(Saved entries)

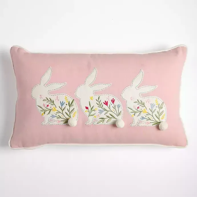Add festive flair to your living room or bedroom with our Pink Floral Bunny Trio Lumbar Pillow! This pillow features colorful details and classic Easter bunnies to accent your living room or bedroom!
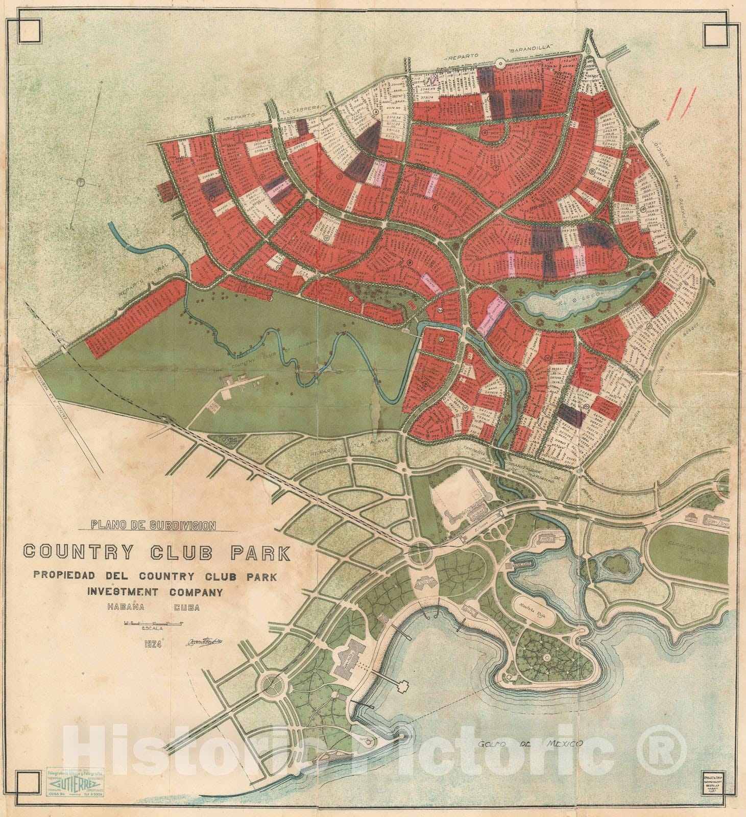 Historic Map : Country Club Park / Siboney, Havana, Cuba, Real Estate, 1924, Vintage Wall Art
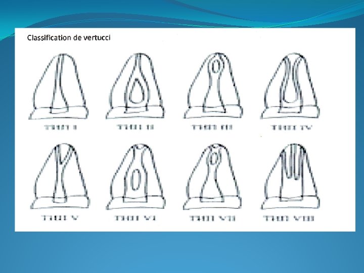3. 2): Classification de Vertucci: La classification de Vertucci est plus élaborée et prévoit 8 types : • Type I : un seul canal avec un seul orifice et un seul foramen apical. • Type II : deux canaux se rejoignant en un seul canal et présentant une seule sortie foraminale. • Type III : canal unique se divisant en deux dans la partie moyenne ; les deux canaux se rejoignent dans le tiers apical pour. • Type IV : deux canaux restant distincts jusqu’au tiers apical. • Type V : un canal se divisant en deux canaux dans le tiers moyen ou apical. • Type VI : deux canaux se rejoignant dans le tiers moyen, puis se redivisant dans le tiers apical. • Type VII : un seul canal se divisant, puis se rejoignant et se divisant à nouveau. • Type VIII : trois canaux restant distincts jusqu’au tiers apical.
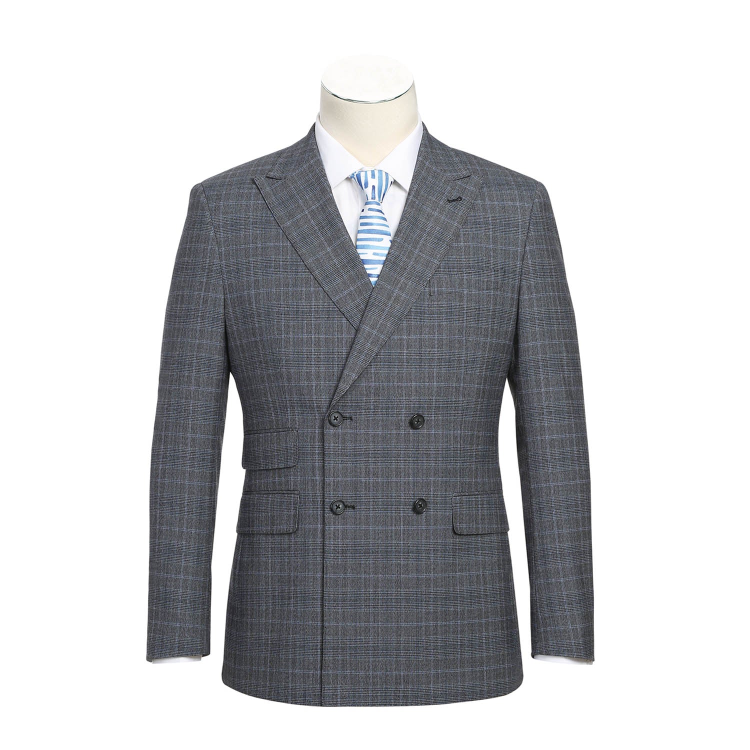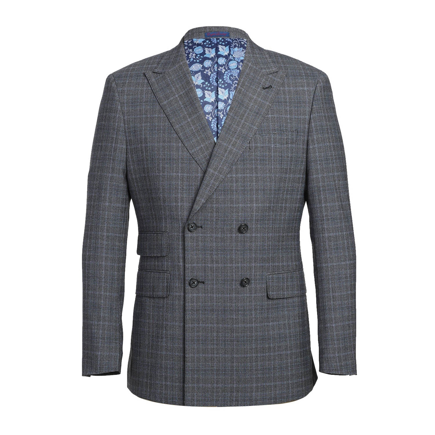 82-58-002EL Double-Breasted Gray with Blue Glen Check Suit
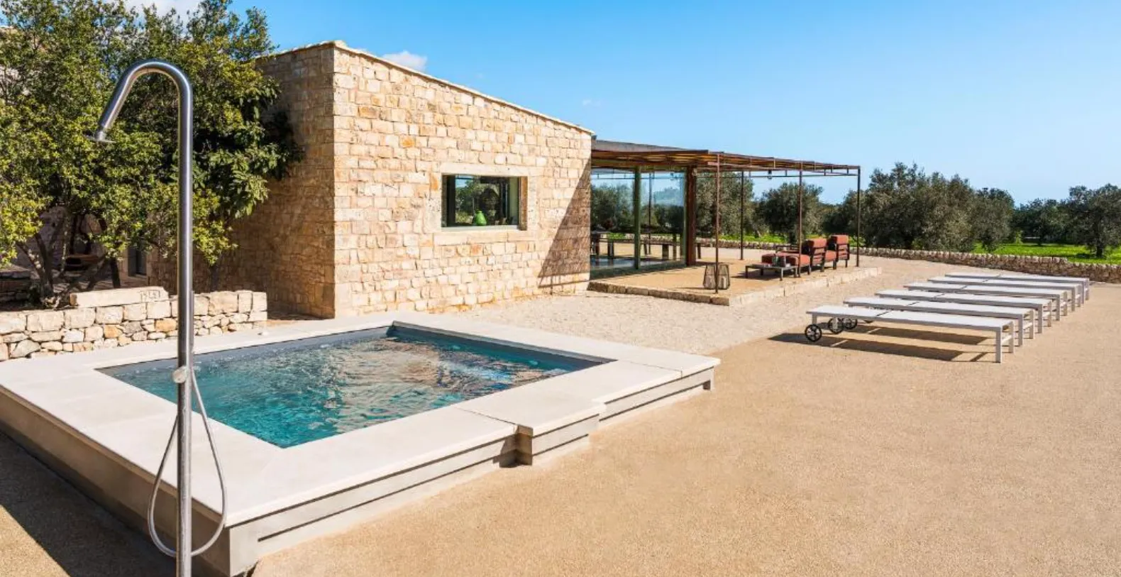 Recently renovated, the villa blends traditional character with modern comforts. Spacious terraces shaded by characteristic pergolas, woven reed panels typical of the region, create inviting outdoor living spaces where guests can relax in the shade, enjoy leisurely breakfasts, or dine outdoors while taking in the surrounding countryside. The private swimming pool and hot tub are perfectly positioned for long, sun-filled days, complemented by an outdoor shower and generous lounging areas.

▶ [Exercise brief]
None of the pictures should appear; repeat the records exactly otherwise.

▶ [Solution]
Add festive flair to your living room or bedroom with our Pink Floral Bunny Trio Lumbar Pillow! This pillow features colorful details and classic Easter bunnies to accent your living room or bedroom!
 Historic Map : Country Club Park / Siboney, Havana, Cuba, Real Estate, 1924, Vintage Wall Art
3. 2): Classification de Vertucci: La classification de Vertucci est plus élaborée et prévoit 8 types : • Type I : un seul canal avec un seul orifice et un seul foramen apical. • Type II : deux canaux se rejoignant en un seul canal et présentant une seule sortie foraminale. • Type III : canal unique se divisant en deux dans la partie moyenne ; les deux canaux se rejoignent dans le tiers apical pour. • Type IV : deux canaux restant distincts jusqu’au tiers apical. • Type V : un canal se divisant en deux canaux dans le tiers moyen ou apical. • Type VI : deux canaux se rejoignant dans le tiers moyen, puis se redivisant dans le tiers apical. • Type VII : un seul canal se divisant, puis se rejoignant et se divisant à nouveau. • Type VIII : trois canaux restant distincts jusqu’au tiers apical.
 82-58-002EL Double-Breasted Gray with Blue Glen Check Suit
 Recently renovated, the villa blends traditional character with modern comforts. Spacious terraces shaded by characteristic pergolas, woven reed panels typical of the region, create inviting outdoor living spaces where guests can relax in the shade, enjoy leisurely breakfasts, or dine outdoors while taking in the surrounding countryside. The private swimming pool and hot tub are perfectly positioned for long, sun-filled days, complemented by an outdoor shower and generous lounging areas.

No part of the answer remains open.